Accordingly, when Saddam was overthrown, Iraq’s splintering and convulsions were inescapable in the absence of an option that Mr. Bush resisted: the imposition of a Gen. Douglas MacArthur-like proconsul on the country for a generation or more to incubate the seeds of unity and secular democracy. At the time of the overthrow, Kurds in the north had already established a de facto independent state under the protection of the United States no-fly zone. Ditto for the Shi’ites in the south. Saddam’s Sunni myrmidons had conducted a campaign of genocide against the Kurds featuring chemical warfare. Shi’ites and Sunnis had been engulfed in sectarian strife for centuries, a conflict aggravated by the intermeddling of Shi’ite-dominated Iran and Sunni-dominated Saudi Arabia. Great Britain required six centuries since the Magna Carta in 1215 to evolve a parliamentary democracy, and Iraq’s political culture had yet to reach the Magna Carta starting line.

Iraq featured no history of freedom of speech, no history of freedom of religion, no history of freedom of political association, and no history of an independent judiciary or the rule of law.
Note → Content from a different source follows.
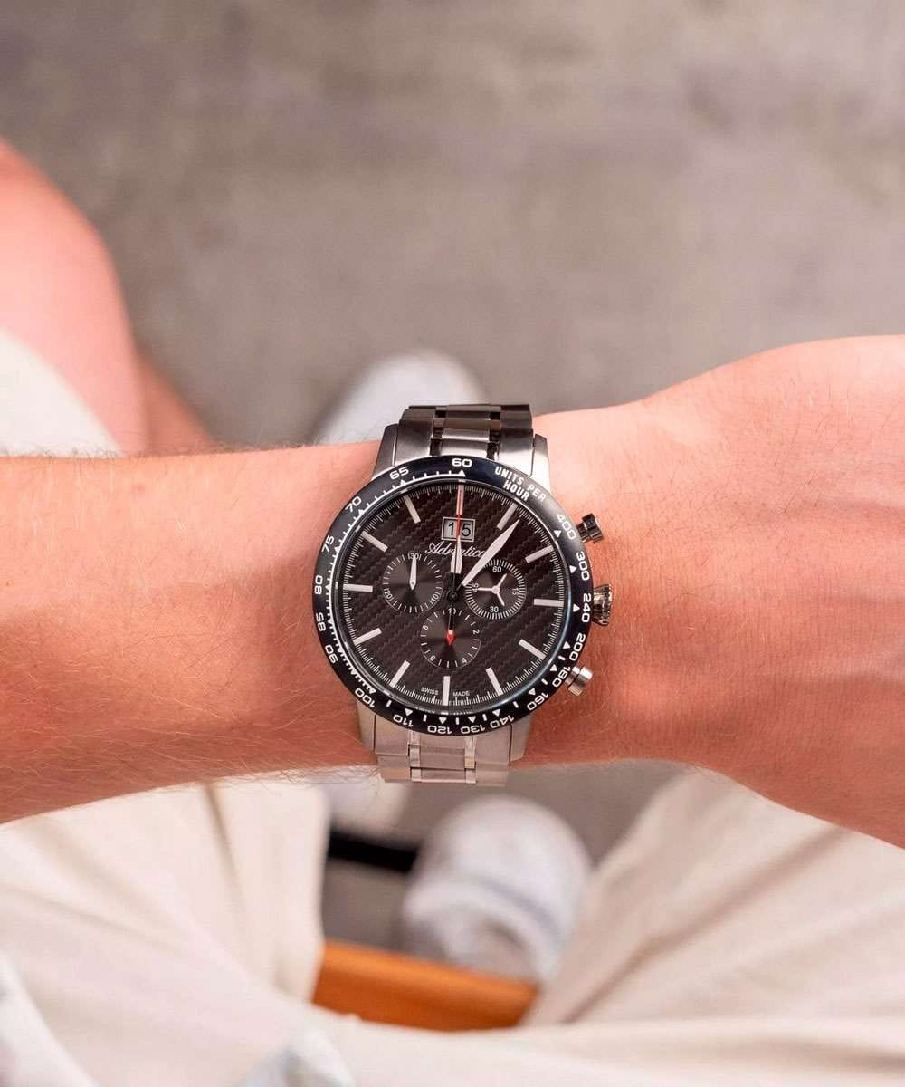 Мужские швейцарские часы-хронографХронографФункция позволяет измерять отрезки времени с особой точностью: часы, минуты, секунды. Верным признаком хронографа является наличие на циферблате 3 дополнительных окошек-счётчиков. с секундомеромСекундомерСекундоме́р — прибор, способный измерять интервалы времени с точностью до долей секунды. и тахиметромТахиметрРазмеченная шкала, располагается на ободке или безеле часов. Тахиметр позволяет рассчитать скорость на определённом участке пути, расстояние измеряется в километрах или милях. Adriatica Aviation A8383.4116CH воплощают в себе элегантность и функциональность, их выбирают целеустремленные мужчины, которые знают цену времени. Темно-серый циферблат часов, защищенный сапфировым стекломСапфировое стеклоПрочный и надёжный материал из кристалла сапфира синтетического происхождения, характеризующийся особой твёрдостью и устойчивостью к царапинам и повреждениям., заключен в корпус из титана диаметром 46 мм и толщиной 12 мм. Надежный кварцевый механизм с калибром Ronda 5040.B обеспечивает высокую точность, а водозащита 5 ATM делает часы устойчивыми к воздействию воды. Стальной браслет с раскладной застёжкойРаскладная застёжкаТакой тип застёжки используется только на браслетах из металла. Она никогда не раскрывается полностью, происходит разделение на 2 и более частей. Раскладывающая застёжка снизит вероятность потери часов к минимуму. обеспечивает комфортное и надежное ношение. Циферблат с метками в виде штрихов имеет 3 дополнительных циферблата, а также окошко даты в положении «12» , что добавляет практичности в повседневной жизни. Люминесцентное покрытиеЛюминесцентное покрытиеПозволяет считывать показания времени в темноте. Производители наносят на стрелки, часовые индексы, безель или поверхность циферблата светонакопительный состав, дающий холодное свечение. на стрелках и метках обеспечивает отличную видимость в темноте.

Iraq was barren of any national or democratic DNA when President Bush invaded in 2003, and the military quagmire that followed the ouster of Saddam was as predictable as the rising and setting of the sun.
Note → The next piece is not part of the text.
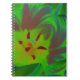 Este incrível notebook apresenta uma bela fotografia de uma tulipa. A fotografia foi colorida artificialmente, resultando numa flor verde mística brilhante, com tons azuis, vermelhos e amarelos ao longo de toda a sua extensão.
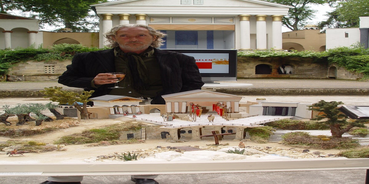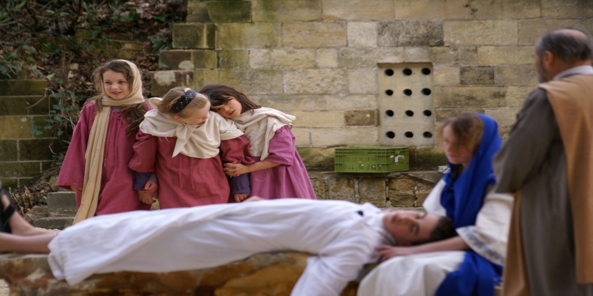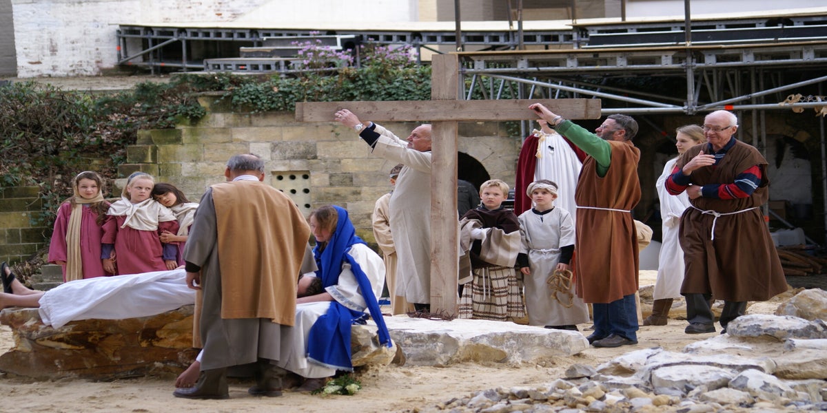 Vandaag is de jaarlijkse eiertip van de VMP. Alle kinderen en kleinkinderen zijn op deze morgen welkom om eieren te gaan zoeken in het decor van de Passiespelen. Als ik zo rond kwart over tien de doolhof kom binnen gereden is Cor van Leipsig al druk bezig met het afwerken van de huisjes. Het wordt prachtig. Kort hebben we het over het item in het NRC van afgelopen zaterdag. Ik vraag hem wat hij op de foto moest voorstellen? Van René (met broden en vis), Hans (lopend over water), en Theo (knielend in de hof van Olijven) wist ik het wel. Maar Cor? Helemaal met wit spul over zijn lichaam. "Het was scheerschuim en moet de zalving voorstellen, ik vond het zalf helemaal niets en heb dit nog tegen de fotograaf gezegd. Ook het lopen over water. Te cliché. Weet je hoe vaak tegen mij is gezegd toen ik Jezus was: Hé, loop eens even over het water!"

Mr. Bush and his generals have belatedly recognized that Iraq is a lost cause without a political solution; and, that nation building is not an idea on the head of a bayonet. But they refuse to see a political solution is chimerical absent partition. That blindness is criminal because the truth is staring them in the face. Every Kurd craves and is willing to fight for independence. Sectarian killings are unremitting. No Iraqi relies on the rule of law in lieu of private militias for protection.

Twelve years after the Dayton Peace Accord, Bosnia remains de facto partitioned between Serbs on the one hand and Muslims and Croats on the other despite endless chivvying for a political solution. Kosovar Albanians and Serbians are similarly de facto partitioned nearly 10 years after the Kosovo war with Slobodan Milosevic. Iraq’s Kurds, Sunnis and Shi’ites are divided even more venomously than these longstanding Balkan divisions.

A disbelief in the force of gravity would not be accepted as a defense to murder by hurling another off the Empire State Building. Why should President Bush’s disbelief in the obvious impossibility of a political solution to Iraq’s internecine warfare be a defense to a charge of sending American soldiers there to die for the sake of dying?

Bruce Fein is a constitutional lawyer at Bruce Fein & Associates and chairman of the American Freedom Agenda.